Патрик хотел было возразить, что в «большой терроризм» он попал совершенно случайно, что если бы в свое время он не потерял работу в фирме, которая обанкротилась, если бы у него не было брата Стива, который предложил ему заниматься таким сомнительным бизнесом, как воровство листового цинка с крыш старых домов, если бы в то злосчастное утро их не заметила полиция, если бы…
Но он так и не перебил Уистена – действительно, а какой толк был в этом?
Тот, покосившись на Патрика, продолжал:
– Но мы прекрасно понимаем, в каком положении вы окажетесь…
Неожиданно, словно сбросив с себя оцепенение, О'Хара спросил:
– А если мне не поверят? Ну, в полиции, когда я приду с повинной?
– Поверят, – поспешил успокоить его Уистен, – обязательно поверят… Да и свидетели, которые вроде бы видели похожего на вас человека в аэропорту Хитроу, наверняка найдутся…
После этих слов наступила длительная, тягостная пауза. Наконец, подняв на собеседника затравленный взгляд, Патрик твердо произнес:
– Я не могу ответить так, сразу… Удивленно подняв брови, О'Рурк спросил:
– Это еще почему?
– Мне надо подумать…
– Для размышлений нет времени, – произнес Уистен, – вы должны дать ответ немедленно, сейчас, сию же минуту… – сделав небольшую, но более чем многозначительную паузу, он добавил: – собственно, и думать не надо: ведь тогда, когда вы разговаривали с Крисом, сказали что…
Не договорив, Уистен поставил на стол маленький диктофон, вроде тех, которыми обычно пользуются для интервью журналисты, и щелкнул кнопкой.
Из динамика послышалось:
– Я не буду рассказывать вам, что такое Ирландская Республиканская Армия и для чего мы существуем… Мы хотим восстановить справедливость. Да, я предвижу ваши возражения – методы, к которым мы вынуждены прибегнуть, многим в наш цивилизованный век кажутся дикими и варварскими – но террор, пожалуй, единственное, что мы можем противопоставить англичанам. – Неожиданно голос замолк, и до слуха О'Хары долетал только шелест перематываемой пленки. Затем он вновь услышал голос Криса: – Ну, так что вы можете сказать? Такое положение дел, на ваш взгляд нормальное?
– Вряд ли…
Патрик вздрогнул – это был его собственный голос…
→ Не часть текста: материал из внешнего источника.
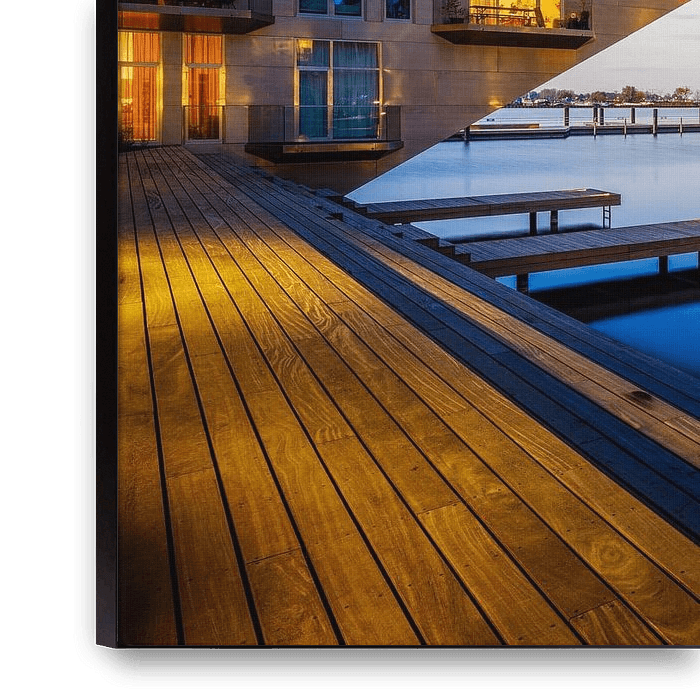 Buy this modern artwork The Sluishuis in Amsterdam during the blue hour in the Netherlands by Bart Ros on canvas, ArtFrame, poster and wallpaper, printed on demand in high quality.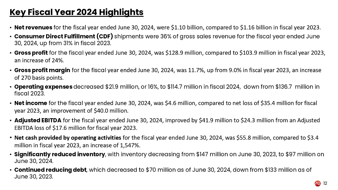 | ● | Net income was $4.6 million in fiscal year 2024, a $40 million improvement from the net loss of $35.4 million in the prior year. | |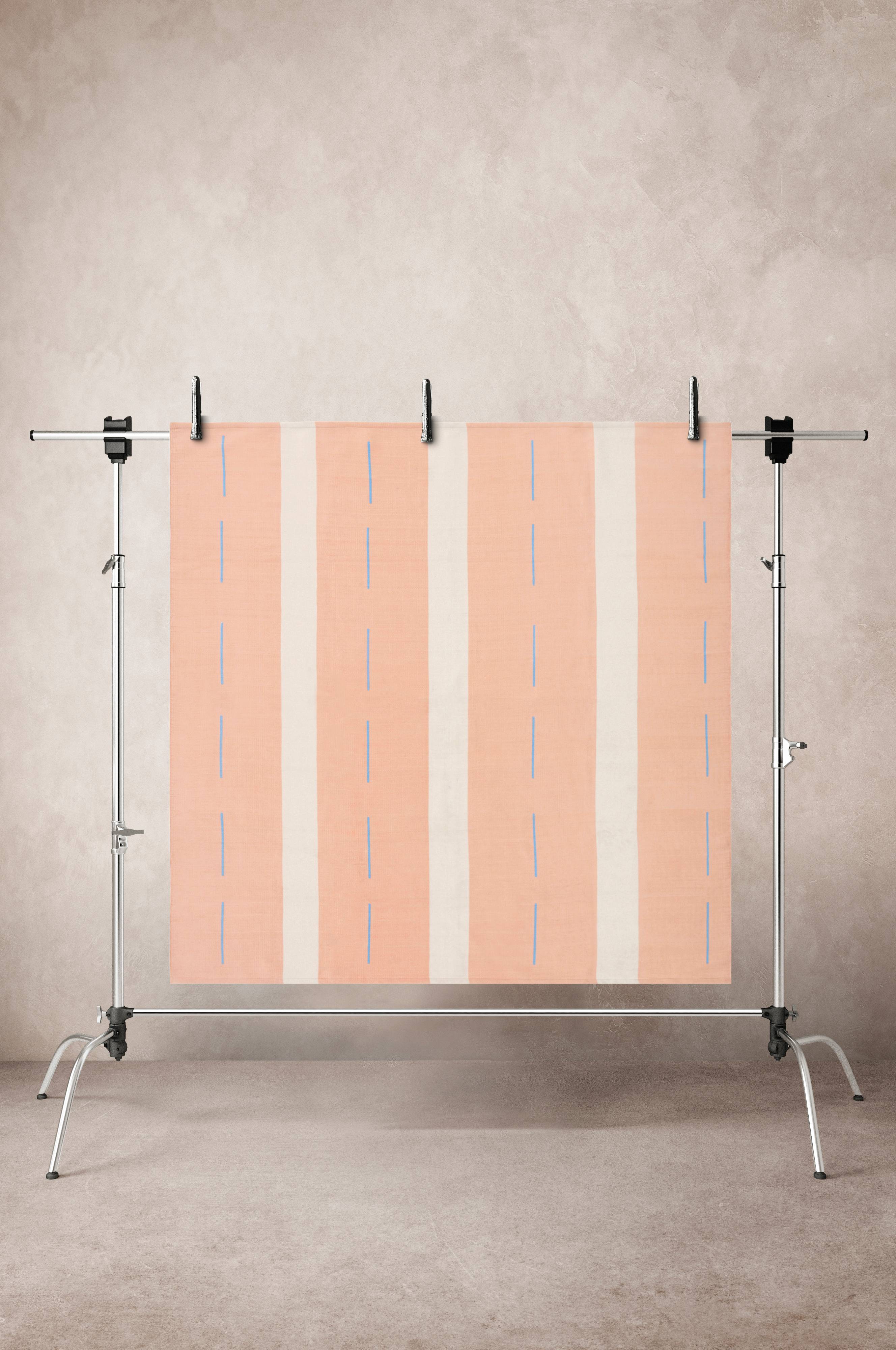 Slätvävd matta som är handvävd och har tryckt randmönster. Denna matta är tunn, och tanken är att den kan användas som en strandmatta eller picknickmatta. Den fungerar förstås också inomhus och är lätt att flytta och ruska, praktiskt i en hall till exempel. Mattan är tillverkad av polyester som framställts av återvunnet material och som är perfekt att användas utomhus. Den tål att bli blöt utan att mögla, en fantastisk fördel hos materialet. Tjocklek 0,6-0,7 cm. 650-700 g/m².

– Что ж, я рад, что вижу перед собой единомышленника… Вы согласны помогать нам?
– В чем?
– Ну, во всяком случае, я, понимая, что имею дело с очень совестливым человеком, никогда не заставлю… то есть, не предложу сделать вам что-нибудь, что потом способно будет вызвать у вас угрызения совести…
– Например?
– Ваши руки не будут обагрены кровью.
Опять пауза.
– Стало быть, вы согласны помогать нам?
– Чем именно?
– Успокойтесь – стрелять, взрывать поезда, захватывать заложников и все такое прочее… Короче, этого от вас не потребуется…
– Тогда – чего же вы хотите?
– Пока, мистер О'Хара, я хотел бы от вас исключительно пассивной помощи…
– Ну, пассивную помощь вы можете ожидать от любого ирландца.
– Действительно… Но от вас мне надо будет чуть больше помощи, чем я могу получить рассчитывать от рядового жителя Белфаста… Так вы обещаете помогать нам?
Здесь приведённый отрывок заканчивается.